▸ **What is expected**: Nothing outside the range below should be printed. Output exactly the lines from the line with "7月21日,2021微盟We" to the line with "El bulbo olfatorio", both included.

▸ **Dataset records**:
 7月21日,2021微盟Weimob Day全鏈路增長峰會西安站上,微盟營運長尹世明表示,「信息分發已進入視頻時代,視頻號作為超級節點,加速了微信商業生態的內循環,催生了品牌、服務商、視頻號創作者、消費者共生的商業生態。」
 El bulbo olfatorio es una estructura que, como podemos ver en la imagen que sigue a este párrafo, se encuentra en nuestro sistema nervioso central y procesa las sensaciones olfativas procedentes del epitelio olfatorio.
--
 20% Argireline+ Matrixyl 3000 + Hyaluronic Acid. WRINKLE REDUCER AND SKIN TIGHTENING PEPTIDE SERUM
* * *
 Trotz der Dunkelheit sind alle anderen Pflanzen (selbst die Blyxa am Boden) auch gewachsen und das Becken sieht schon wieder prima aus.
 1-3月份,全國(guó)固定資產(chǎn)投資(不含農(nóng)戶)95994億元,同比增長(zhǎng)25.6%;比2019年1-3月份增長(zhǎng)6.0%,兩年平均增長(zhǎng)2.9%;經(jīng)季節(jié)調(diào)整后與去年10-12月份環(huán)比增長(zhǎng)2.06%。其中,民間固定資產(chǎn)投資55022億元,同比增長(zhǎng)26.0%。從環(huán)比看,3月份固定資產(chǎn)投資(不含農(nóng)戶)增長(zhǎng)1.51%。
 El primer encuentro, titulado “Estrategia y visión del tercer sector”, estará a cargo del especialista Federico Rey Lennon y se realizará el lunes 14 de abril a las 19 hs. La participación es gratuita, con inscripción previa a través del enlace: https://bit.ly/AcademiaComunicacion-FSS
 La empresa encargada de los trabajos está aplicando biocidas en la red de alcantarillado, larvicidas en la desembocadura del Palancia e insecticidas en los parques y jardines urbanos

▸ **Task solution**:
 7月21日,2021微盟Weimob Day全鏈路增長峰會西安站上,微盟營運長尹世明表示,「信息分發已進入視頻時代,視頻號作為超級節點,加速了微信商業生態的內循環,催生了品牌、服務商、視頻號創作者、消費者共生的商業生態。」
 El bulbo olfatorio es una estructura que, como podemos ver en la imagen que sigue a este párrafo, se encuentra en nuestro sistema nervioso central y procesa las sensaciones olfativas procedentes del epitelio olfatorio.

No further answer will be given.